SOURCE MATERIAL: Begin

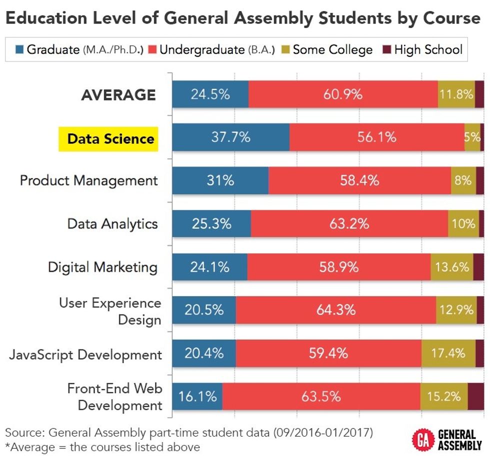Across all courses, 85.4% of part-time GA students have a bachelor's degree or higher; in Data Science, that figure is 93.8%. This seems to largely be driven by the fact that there are far more master's and Ph.D. graduates in Data Science (37.7%) than the overall average (24.%). A surprisingly high 3.7% of students hold a Ph.D. — more than triple the average of 1.2%.
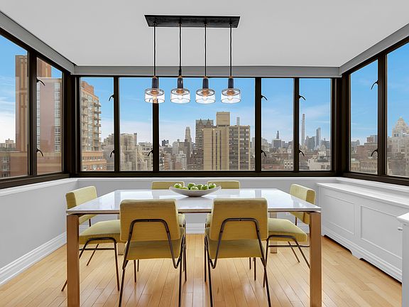 The dining area and kitchen enjoy breathtaking, unobstructed southern views stretching all the way to Billionaires' Row. The kitchen is equipped with top-of-the-line stainless steel appliances and Caesarstone countertops, and opens to an elegant, sun-flooded living room with built-in bookshelves and an adjacent east-facing balconyperfect for entertaining.
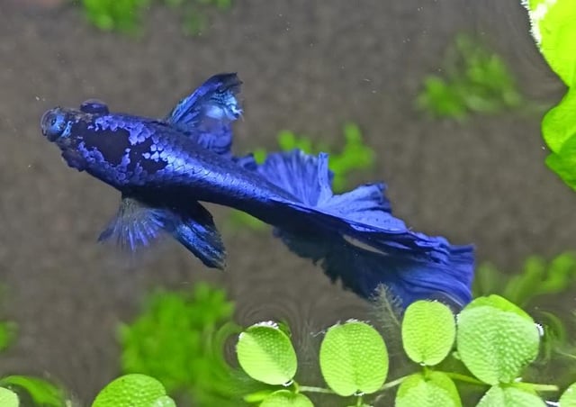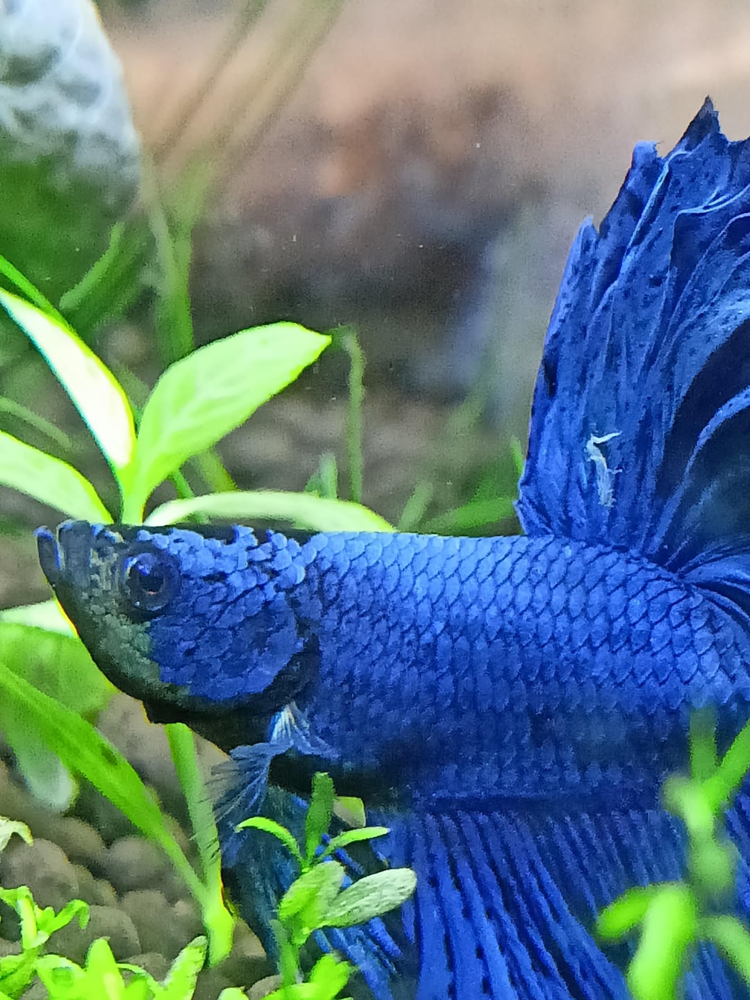 I have been feeding him 6 pellet ball food thingies everyday since I got him. He has an appetite, he swims up to me, he explores the aquarium but occasionally glass surfs. His fins have been healing and regrowing.
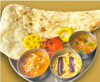 \1,500 Thali Set タンドリーチキン、野菜の天ぷら、3種類のカレーとプレーンナンのセット |

SOURCE MATERIAL: End

Copy all the material exactly; omit images.

Across all courses, 85.4% of part-time GA students have a bachelor's degree or higher; in Data Science, that figure is 93.8%. This seems to largely be driven by the fact that there are far more master's and Ph.D. graduates in Data Science (37.7%) than the overall average (24.%). A surprisingly high 3.7% of students hold a Ph.D. — more than triple the average of 1.2%.
 The dining area and kitchen enjoy breathtaking, unobstructed southern views stretching all the way to Billionaires' Row. The kitchen is equipped with top-of-the-line stainless steel appliances and Caesarstone countertops, and opens to an elegant, sun-flooded living room with built-in bookshelves and an adjacent east-facing balconyperfect for entertaining.
 I have been feeding him 6 pellet ball food thingies everyday since I got him. He has an appetite, he swims up to me, he explores the aquarium but occasionally glass surfs. His fins have been healing and regrowing.
 \1,500 Thali Set タンドリーチキン、野菜の天ぷら、3種類のカレーとプレーンナンのセット |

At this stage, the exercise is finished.